Task details: When you reach the line with "北海道十勝清水町の圃場で農薬" in the records below, begin transcribing exactly and continue up to and including the line with "The Surfer X", leaving out every picture.

Data for this exercise:
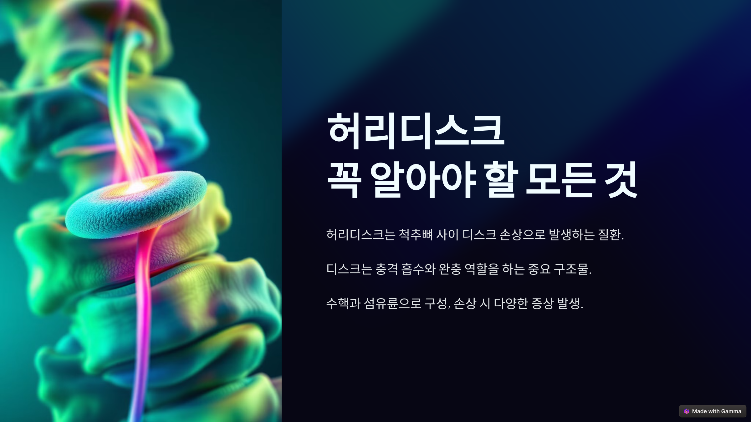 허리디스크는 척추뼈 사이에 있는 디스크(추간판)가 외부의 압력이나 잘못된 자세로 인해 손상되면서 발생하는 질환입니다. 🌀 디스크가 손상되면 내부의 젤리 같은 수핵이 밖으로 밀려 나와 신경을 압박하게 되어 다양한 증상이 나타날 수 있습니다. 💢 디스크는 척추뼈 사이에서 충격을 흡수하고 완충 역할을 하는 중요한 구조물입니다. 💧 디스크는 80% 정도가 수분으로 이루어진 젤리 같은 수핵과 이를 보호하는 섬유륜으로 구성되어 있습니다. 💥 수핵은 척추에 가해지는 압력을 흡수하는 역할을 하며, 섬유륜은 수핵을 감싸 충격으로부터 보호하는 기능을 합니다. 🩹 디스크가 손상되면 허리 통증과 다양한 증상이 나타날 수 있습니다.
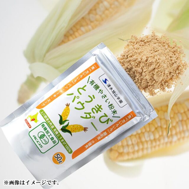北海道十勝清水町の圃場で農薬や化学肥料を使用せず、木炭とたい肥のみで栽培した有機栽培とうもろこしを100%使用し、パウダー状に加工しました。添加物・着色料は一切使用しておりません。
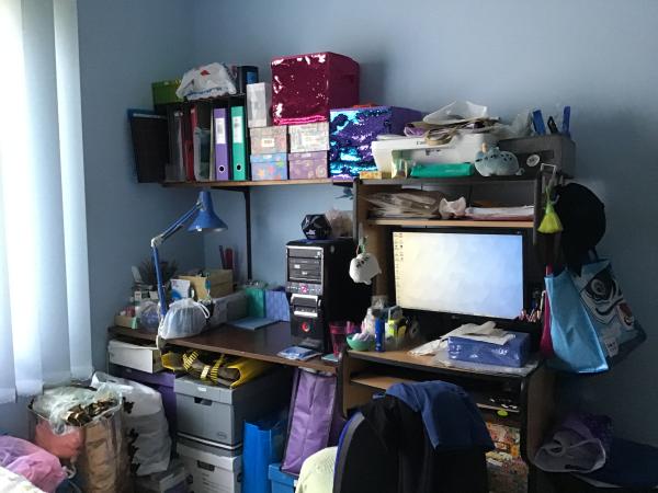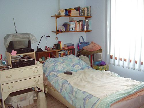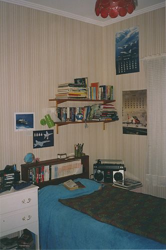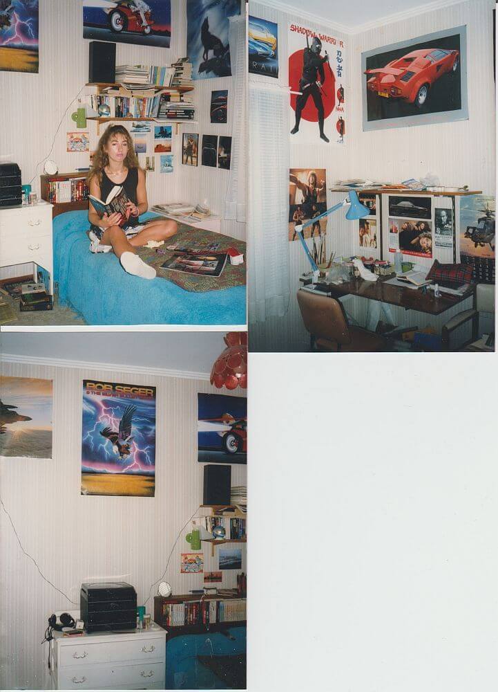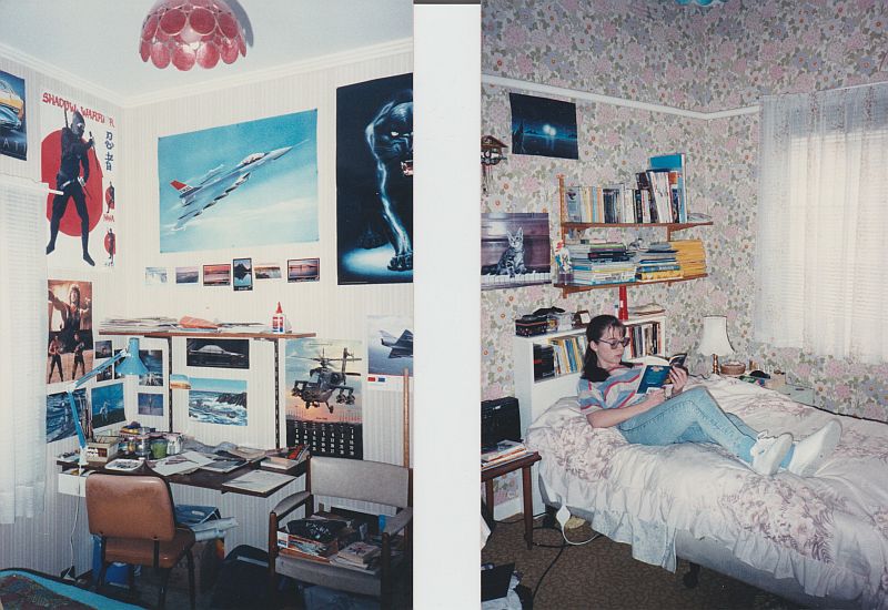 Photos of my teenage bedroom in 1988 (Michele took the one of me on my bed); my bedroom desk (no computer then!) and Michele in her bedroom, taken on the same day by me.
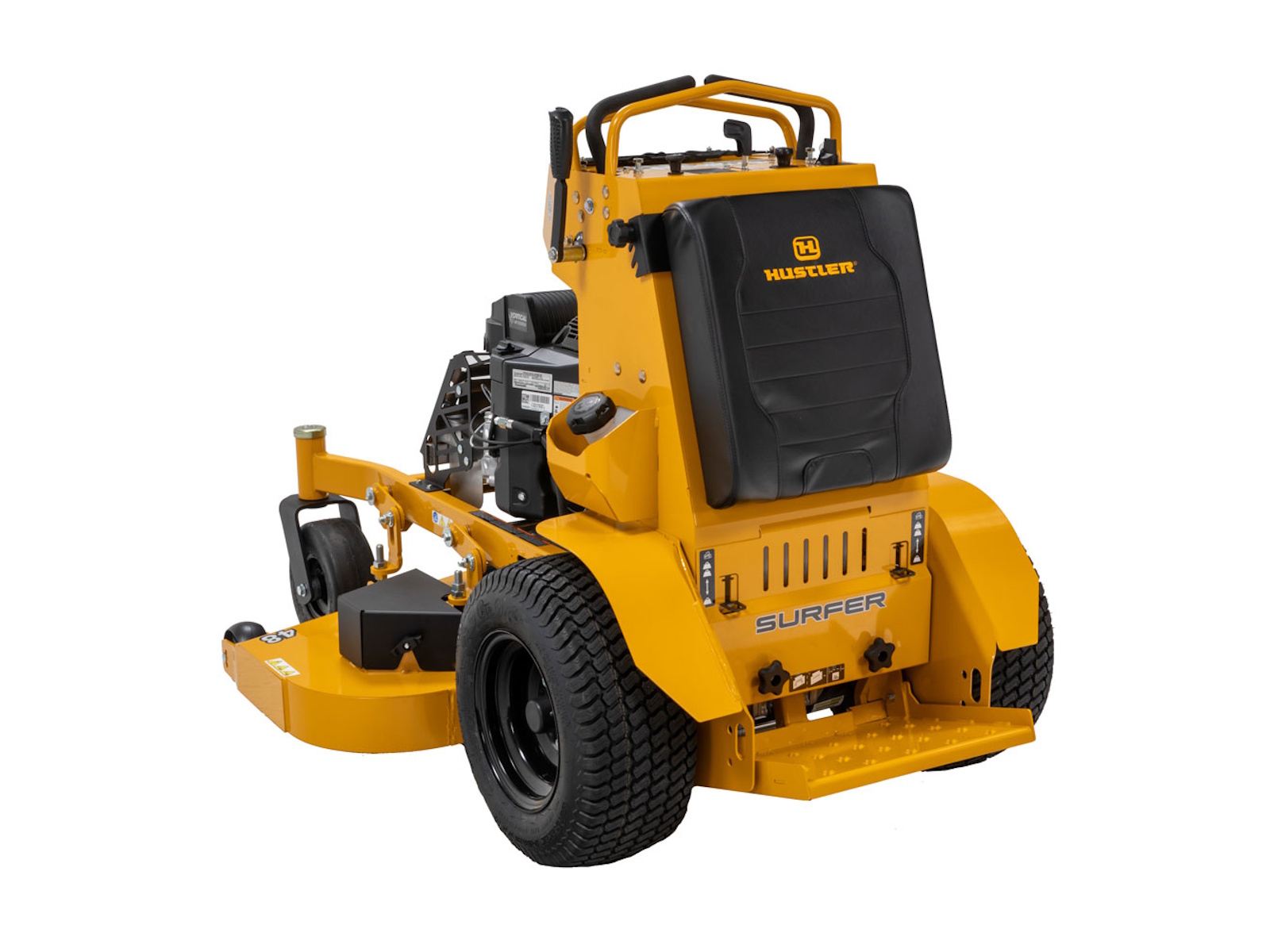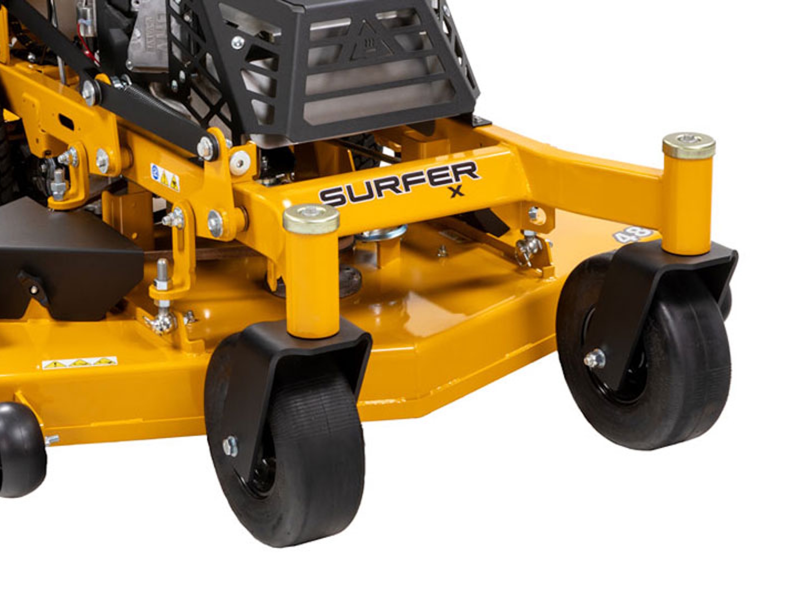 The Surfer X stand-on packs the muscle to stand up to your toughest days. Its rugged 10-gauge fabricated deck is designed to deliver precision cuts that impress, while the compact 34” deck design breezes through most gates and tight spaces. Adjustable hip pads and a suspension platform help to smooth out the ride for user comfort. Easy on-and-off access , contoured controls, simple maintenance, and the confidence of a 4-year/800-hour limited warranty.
---
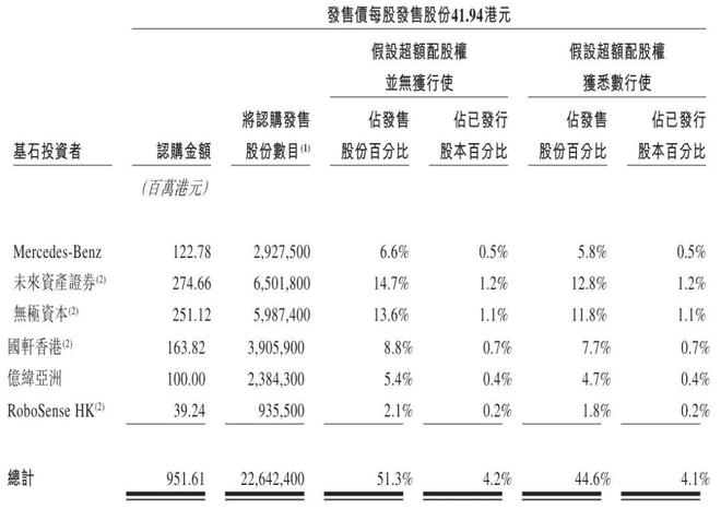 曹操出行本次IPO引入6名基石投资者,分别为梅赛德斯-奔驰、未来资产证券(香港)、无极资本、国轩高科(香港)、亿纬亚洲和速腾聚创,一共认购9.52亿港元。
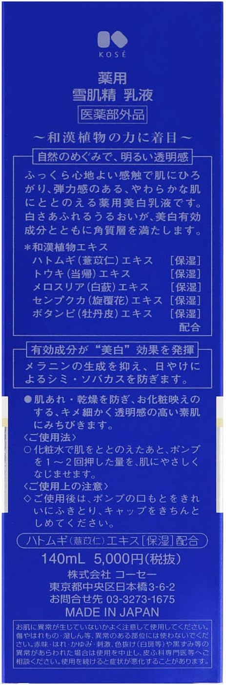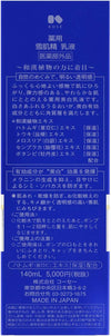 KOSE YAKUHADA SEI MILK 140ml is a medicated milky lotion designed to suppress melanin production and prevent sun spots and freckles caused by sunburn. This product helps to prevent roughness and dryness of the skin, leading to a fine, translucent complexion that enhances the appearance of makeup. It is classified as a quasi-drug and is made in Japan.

Result of this task:
北海道十勝清水町の圃場で農薬や化学肥料を使用せず、木炭とたい肥のみで栽培した有機栽培とうもろこしを100%使用し、パウダー状に加工しました。添加物・着色料は一切使用しておりません。
 Photos of my teenage bedroom in 1988 (Michele took the one of me on my bed); my bedroom desk (no computer then!) and Michele in her bedroom, taken on the same day by me.
 The Surfer X stand-on packs the muscle to stand up to your toughest days. Its rugged 10-gauge fabricated deck is designed to deliver precision cuts that impress, while the compact 34” deck design breezes through most gates and tight spaces. Adjustable hip pads and a suspension platform help to smooth out the ride for user comfort. Easy on-and-off access , contoured controls, simple maintenance, and the confidence of a 4-year/800-hour limited warranty.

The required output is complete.